Marilyn Lake’s biography of Faith Bandler fills this gap in feminist knowledge. But the subject is full of contradictions. She is not Aboriginal, but as a woman of colour she has devoted most of her adult life to removing legal discrimination against Aboriginal people. She is not a white woman, but she has led a middle-class life as the wife of an engineer on Sydney’s North Shore. She is not a member of a political party but she has been a political activist for over fifty years. She is Australian born and bred, but has always felt an outsider in mainstream Australia. She is not a historian but she has published four books about her family’s origins and about the struggle to win a ‘Yes’ vote in 1967. Lake deals with these contradictions by constructing her subject’s story as a counter narrative to the white middle-class Australian woman in the second half of the twentieth century.

Faith Bandler was born in 1918 on a banana share farm at Tumbulgum in northern New South Wales, the second youngest of eight children. Her father was a South Sea Islander, who had successfully challenged the deportation provisions of the Pacific Island Labourers Act of 1901 and her mother was Australian-born of Indian/Scottish descent. While both parents gave Faith pride in her origins, it was not until the death of her father when she was five and the family had moved to Murwillumbah, that she encountered the exclusionary racism of white Australia. She lost her confidence and left high school at the onset of the Depression, to work as a milliner’s assistant. And there her life may have drifted had it not been for the outbreak of World War II. It changed her life.

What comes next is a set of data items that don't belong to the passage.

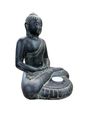 Breng rust en sfeer in je interieur met deze prachtige zittende Boeddha van steen. Het beeld heeft een hoogte van 30 cm en is afgewerkt in een stijlvolle black antique kleur die zowel modern als tijdloos oogt. De Boeddha houdt een speciaal vakje vast dat dient als theelichthouder, waardoor een warm en sereen licht ontstaat zodra je een kaarsje aansteekt. Ideaal voor in de woonkamer, meditatiehoek, badkamer of als spiritueel cadeau.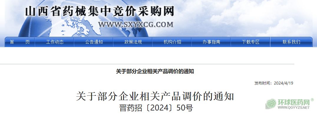 近日,山西省藥械集中招標采購中心發(fā)布《關(guān)于部分企業(yè)相關(guān)產(chǎn)品調(diào)價的通知》(晉藥招〔2024〕50號),10個產(chǎn)品對掛網(wǎng)價格進行了調(diào)整。(詳見附件)
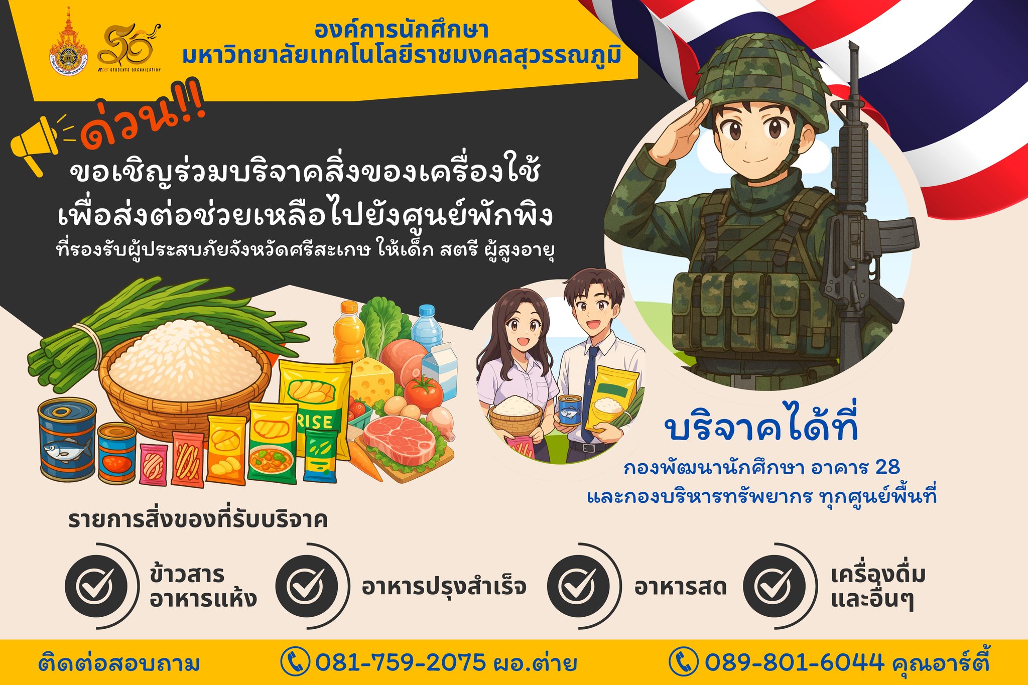 Tag : #rus #rmutsb #กองพัฒนานักศึกษา #มทร.สุวรรณภูมิ #ขอเชิญร่วมบริจาคสิ่งของเครื่องใช้ เพื่อส่งต่อช่วยเหลือไปยังศูนย์พักพิง ที่รองรับผู้ประสบภัยจังหวัดศรีสะเกษ

In 1942 Bandler and her sister went to Sydney to join the Women’s Land Army and worked on farms in New South Wales. After the War, she lived a cosmopolitan life in Kings Cross, where she had a long affair with a Finnish sailor, took music lessons to improve her fine singing voice and learn the importance of a public presence on the stage,
and studied at WEA classes to overcome her lack of education. Her political involvement with the Left enabled her to travel to Europe in 1951 to attend a major cultural youth festival. In this formative period of adulthood, she gained a very sophisticated understanding of herself sexually and politically. In 1952 she married Hans Bandler, a Jewish refugee engineer from Vienna. It proved an enduring partnership, based on shared political beliefs and a great love of classical music and gardening.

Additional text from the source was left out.